### TASK PROMPT:
Since the copy must hold text only, transcribe the data below exactly and omit the images.

(Records contained in a dataset)
►

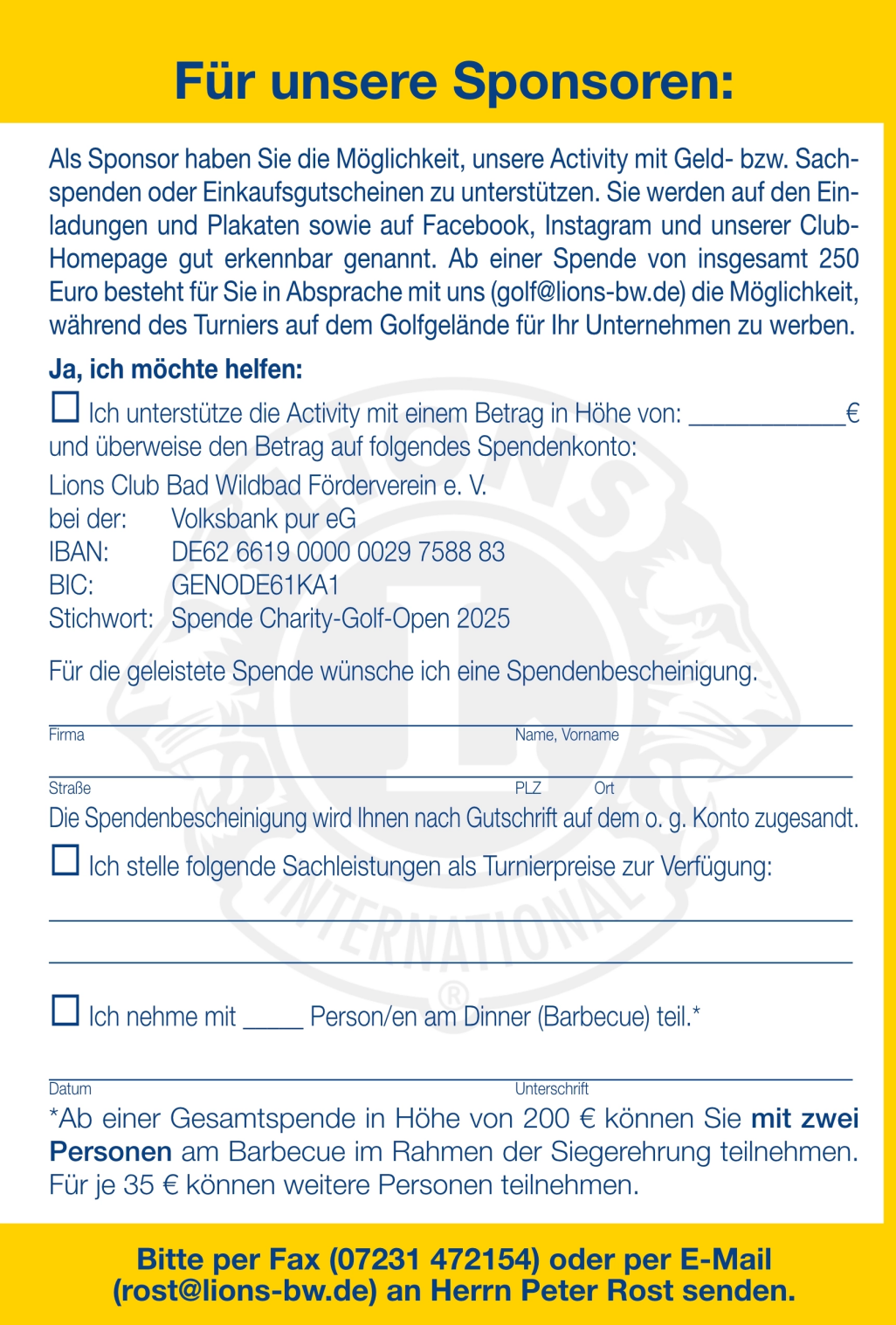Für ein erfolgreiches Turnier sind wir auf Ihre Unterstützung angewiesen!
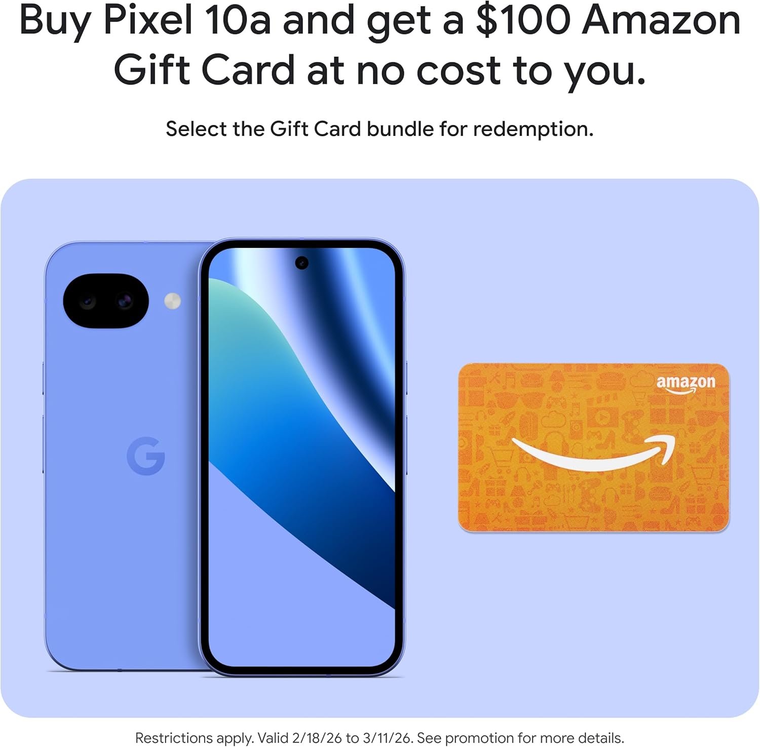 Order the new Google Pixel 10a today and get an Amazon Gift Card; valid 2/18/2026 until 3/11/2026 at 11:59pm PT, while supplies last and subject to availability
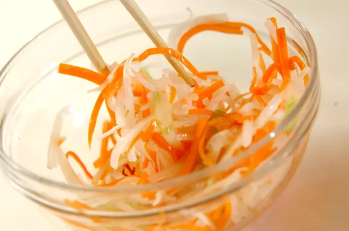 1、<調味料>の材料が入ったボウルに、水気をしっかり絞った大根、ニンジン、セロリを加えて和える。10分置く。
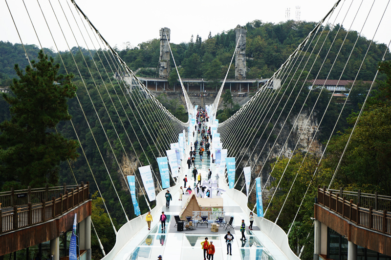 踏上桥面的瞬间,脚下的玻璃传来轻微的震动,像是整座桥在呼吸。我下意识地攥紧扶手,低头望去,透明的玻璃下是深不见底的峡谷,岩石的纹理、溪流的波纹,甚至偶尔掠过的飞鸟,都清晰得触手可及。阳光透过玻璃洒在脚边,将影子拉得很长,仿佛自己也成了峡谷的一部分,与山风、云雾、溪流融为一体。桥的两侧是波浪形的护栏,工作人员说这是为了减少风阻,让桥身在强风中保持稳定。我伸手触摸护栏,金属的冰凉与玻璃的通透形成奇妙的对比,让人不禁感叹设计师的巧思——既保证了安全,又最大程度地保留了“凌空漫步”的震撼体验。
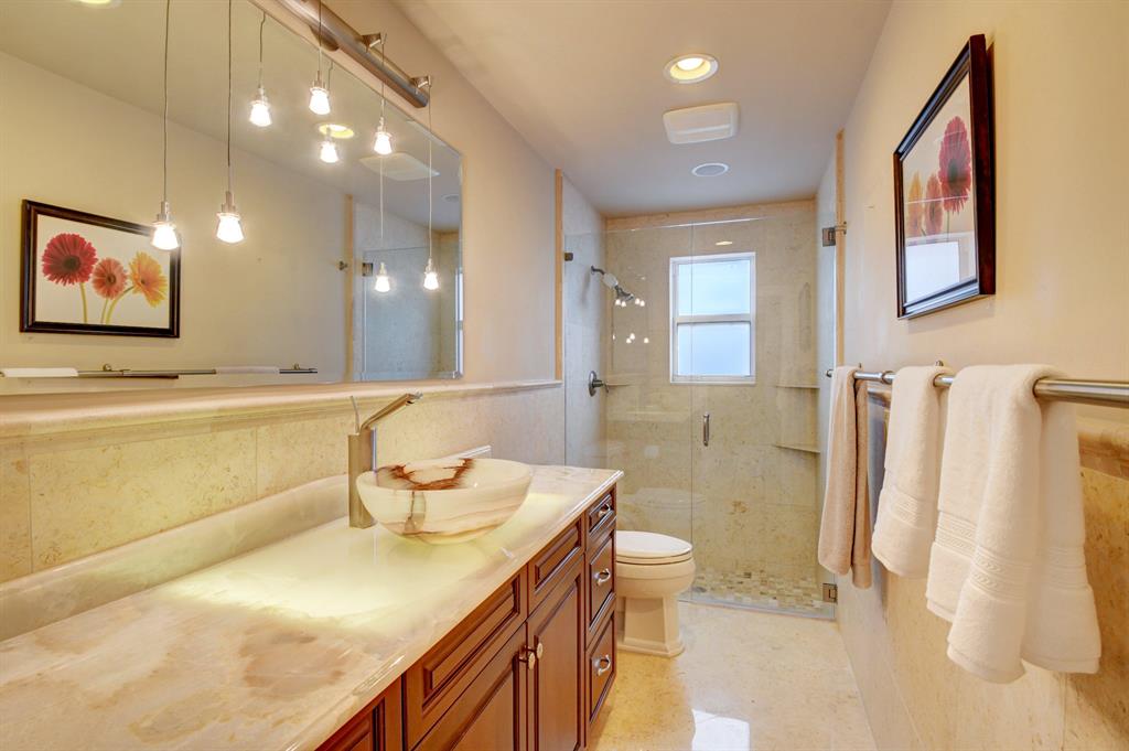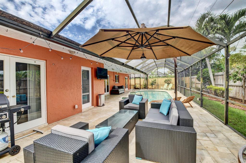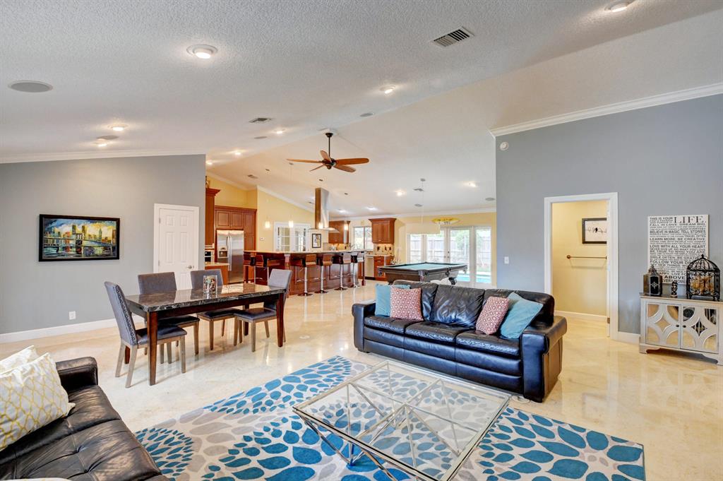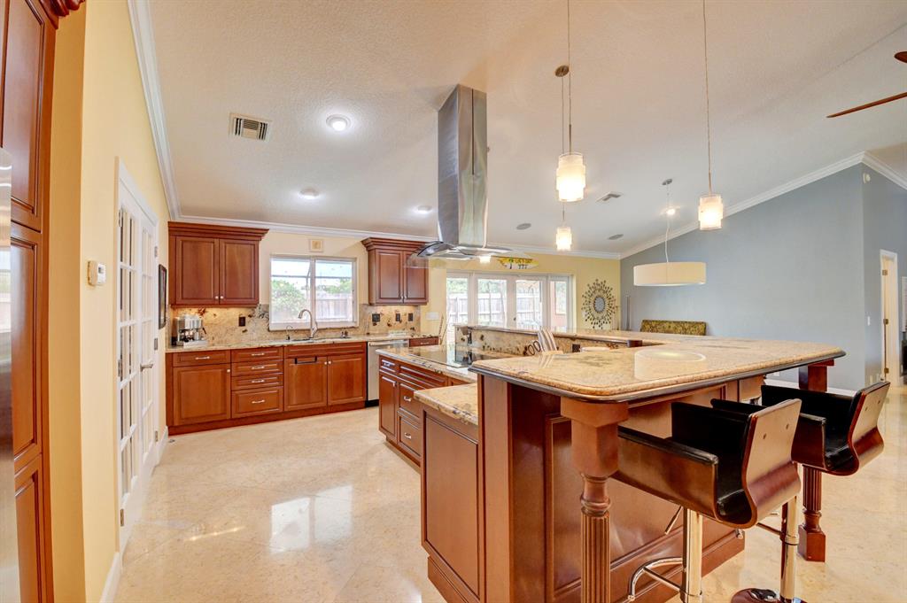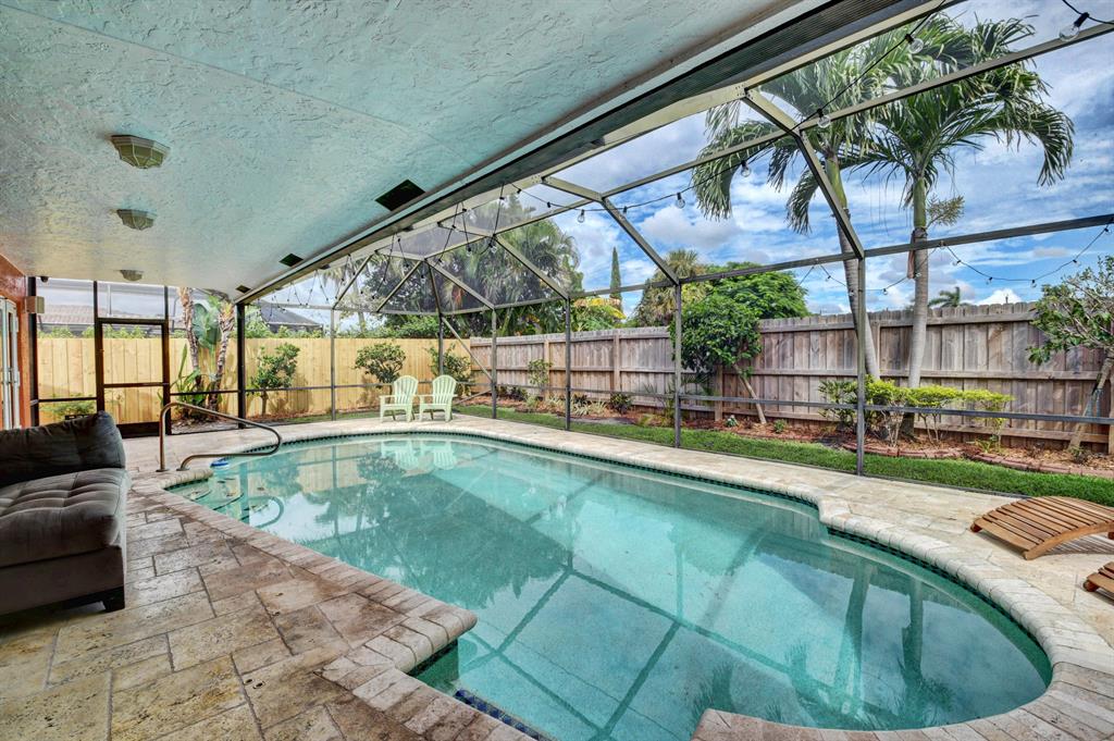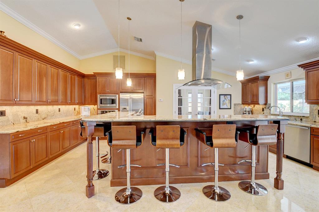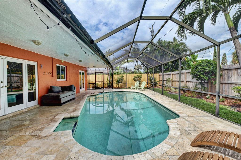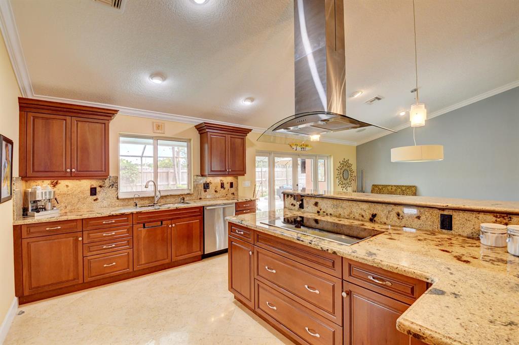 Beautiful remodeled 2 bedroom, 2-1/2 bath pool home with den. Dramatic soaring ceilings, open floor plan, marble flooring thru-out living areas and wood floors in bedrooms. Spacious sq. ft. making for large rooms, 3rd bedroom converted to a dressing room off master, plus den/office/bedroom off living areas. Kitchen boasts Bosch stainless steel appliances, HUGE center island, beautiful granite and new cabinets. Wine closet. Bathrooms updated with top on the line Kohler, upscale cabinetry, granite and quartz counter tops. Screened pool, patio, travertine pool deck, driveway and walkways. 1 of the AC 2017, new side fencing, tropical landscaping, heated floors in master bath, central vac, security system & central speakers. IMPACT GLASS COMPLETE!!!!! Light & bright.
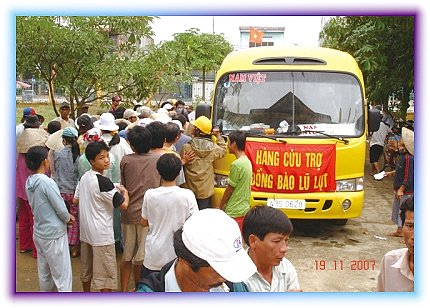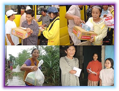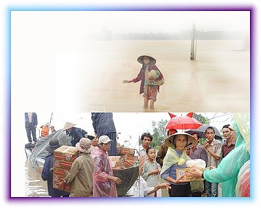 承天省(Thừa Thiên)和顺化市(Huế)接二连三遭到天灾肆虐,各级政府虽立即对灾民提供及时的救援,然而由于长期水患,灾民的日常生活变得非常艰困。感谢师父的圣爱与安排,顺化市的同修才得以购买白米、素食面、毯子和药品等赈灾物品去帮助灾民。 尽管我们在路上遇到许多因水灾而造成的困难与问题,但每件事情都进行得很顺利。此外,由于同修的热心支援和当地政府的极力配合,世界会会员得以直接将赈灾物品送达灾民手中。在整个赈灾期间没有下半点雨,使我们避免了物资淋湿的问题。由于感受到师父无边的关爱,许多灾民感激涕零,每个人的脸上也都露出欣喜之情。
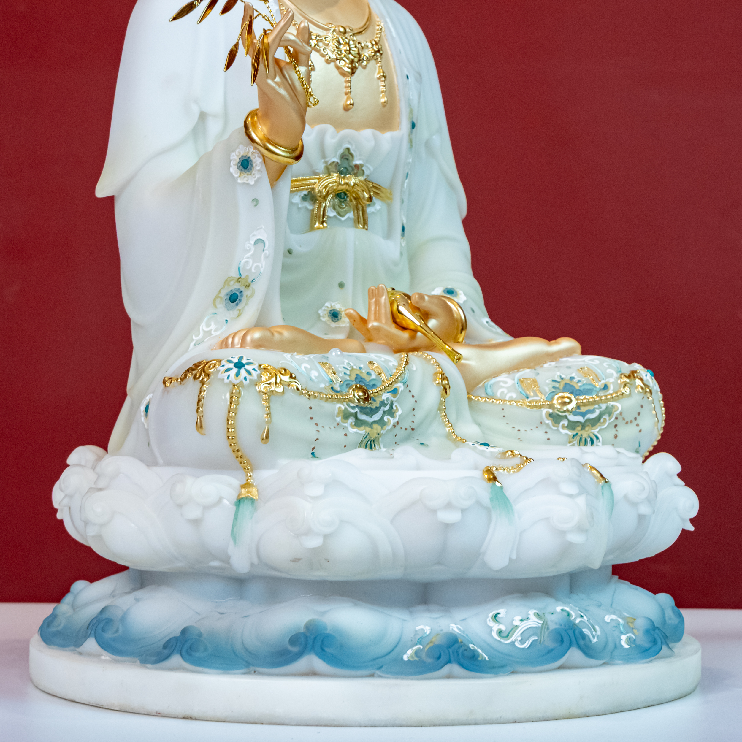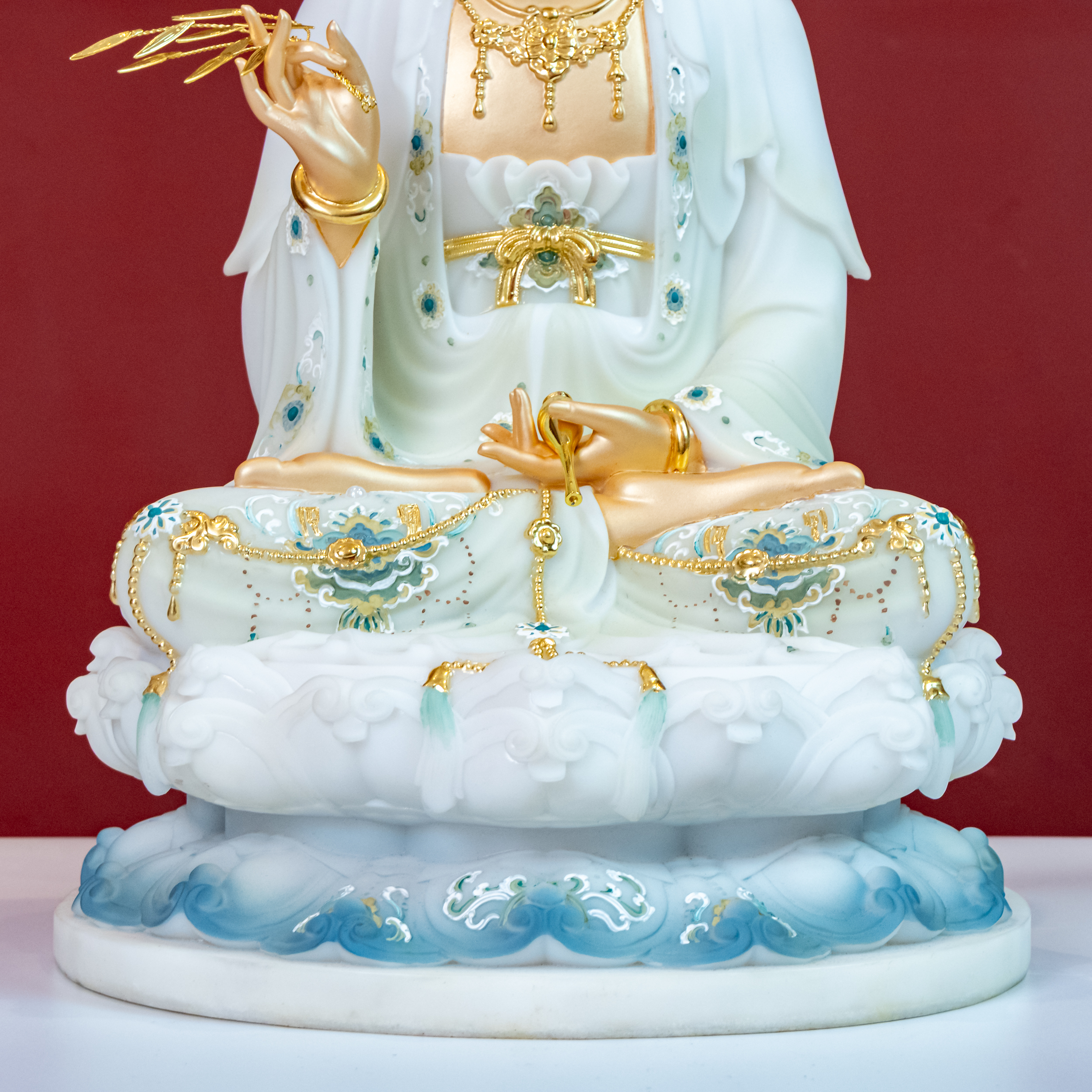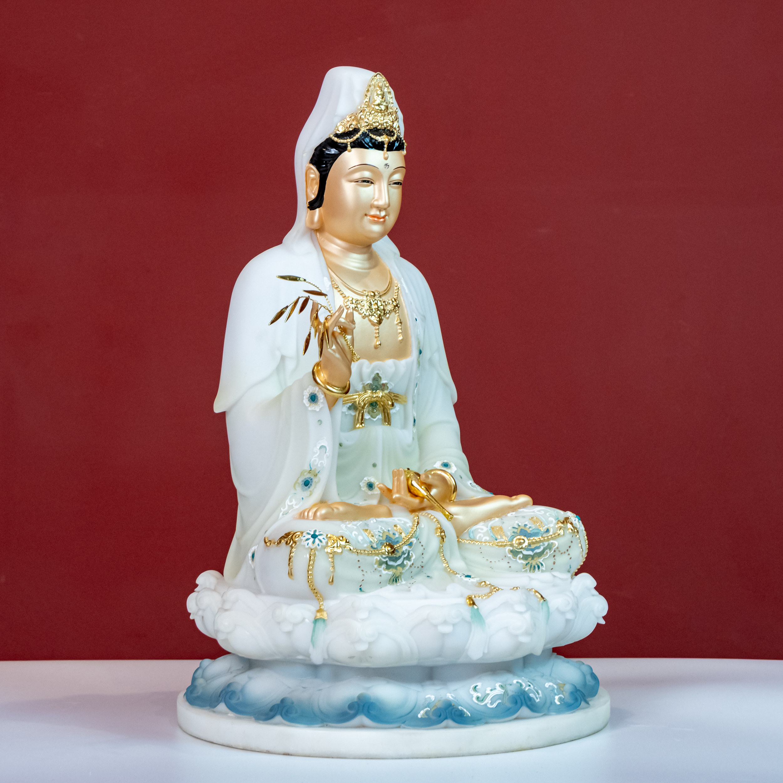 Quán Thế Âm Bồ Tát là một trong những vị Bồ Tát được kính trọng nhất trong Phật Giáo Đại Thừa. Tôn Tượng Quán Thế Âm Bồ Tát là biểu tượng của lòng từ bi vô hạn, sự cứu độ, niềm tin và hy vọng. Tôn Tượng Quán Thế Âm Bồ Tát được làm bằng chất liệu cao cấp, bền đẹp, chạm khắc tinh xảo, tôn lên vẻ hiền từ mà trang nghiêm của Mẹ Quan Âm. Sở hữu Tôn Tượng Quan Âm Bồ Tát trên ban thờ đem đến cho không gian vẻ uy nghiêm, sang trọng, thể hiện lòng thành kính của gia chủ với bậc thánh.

◄

### RESPONSE TO THIS TASK:
Für ein erfolgreiches Turnier sind wir auf Ihre Unterstützung angewiesen!
 Order the new Google Pixel 10a today and get an Amazon Gift Card; valid 2/18/2026 until 3/11/2026 at 11:59pm PT, while supplies last and subject to availability
 1、<調味料>の材料が入ったボウルに、水気をしっかり絞った大根、ニンジン、セロリを加えて和える。10分置く。
 踏上桥面的瞬间,脚下的玻璃传来轻微的震动,像是整座桥在呼吸。我下意识地攥紧扶手,低头望去,透明的玻璃下是深不见底的峡谷,岩石的纹理、溪流的波纹,甚至偶尔掠过的飞鸟,都清晰得触手可及。阳光透过玻璃洒在脚边,将影子拉得很长,仿佛自己也成了峡谷的一部分,与山风、云雾、溪流融为一体。桥的两侧是波浪形的护栏,工作人员说这是为了减少风阻,让桥身在强风中保持稳定。我伸手触摸护栏,金属的冰凉与玻璃的通透形成奇妙的对比,让人不禁感叹设计师的巧思——既保证了安全,又最大程度地保留了“凌空漫步”的震撼体验。
 Beautiful remodeled 2 bedroom, 2-1/2 bath pool home with den. Dramatic soaring ceilings, open floor plan, marble flooring thru-out living areas and wood floors in bedrooms. Spacious sq. ft. making for large rooms, 3rd bedroom converted to a dressing room off master, plus den/office/bedroom off living areas. Kitchen boasts Bosch stainless steel appliances, HUGE center island, beautiful granite and new cabinets. Wine closet. Bathrooms updated with top on the line Kohler, upscale cabinetry, granite and quartz counter tops. Screened pool, patio, travertine pool deck, driveway and walkways. 1 of the AC 2017, new side fencing, tropical landscaping, heated floors in master bath, central vac, security system & central speakers. IMPACT GLASS COMPLETE!!!!! Light & bright.
 承天省(Thừa Thiên)和顺化市(Huế)接二连三遭到天灾肆虐,各级政府虽立即对灾民提供及时的救援,然而由于长期水患,灾民的日常生活变得非常艰困。感谢师父的圣爱与安排,顺化市的同修才得以购买白米、素食面、毯子和药品等赈灾物品去帮助灾民。 尽管我们在路上遇到许多因水灾而造成的困难与问题,但每件事情都进行得很顺利。此外,由于同修的热心支援和当地政府的极力配合,世界会会员得以直接将赈灾物品送达灾民手中。在整个赈灾期间没有下半点雨,使我们避免了物资淋湿的问题。由于感受到师父无边的关爱,许多灾民感激涕零,每个人的脸上也都露出欣喜之情。
 Quán Thế Âm Bồ Tát là một trong những vị Bồ Tát được kính trọng nhất trong Phật Giáo Đại Thừa. Tôn Tượng Quán Thế Âm Bồ Tát là biểu tượng của lòng từ bi vô hạn, sự cứu độ, niềm tin và hy vọng. Tôn Tượng Quán Thế Âm Bồ Tát được làm bằng chất liệu cao cấp, bền đẹp, chạm khắc tinh xảo, tôn lên vẻ hiền từ mà trang nghiêm của Mẹ Quan Âm. Sở hữu Tôn Tượng Quan Âm Bồ Tát trên ban thờ đem đến cho không gian vẻ uy nghiêm, sang trọng, thể hiện lòng thành kính của gia chủ với bậc thánh.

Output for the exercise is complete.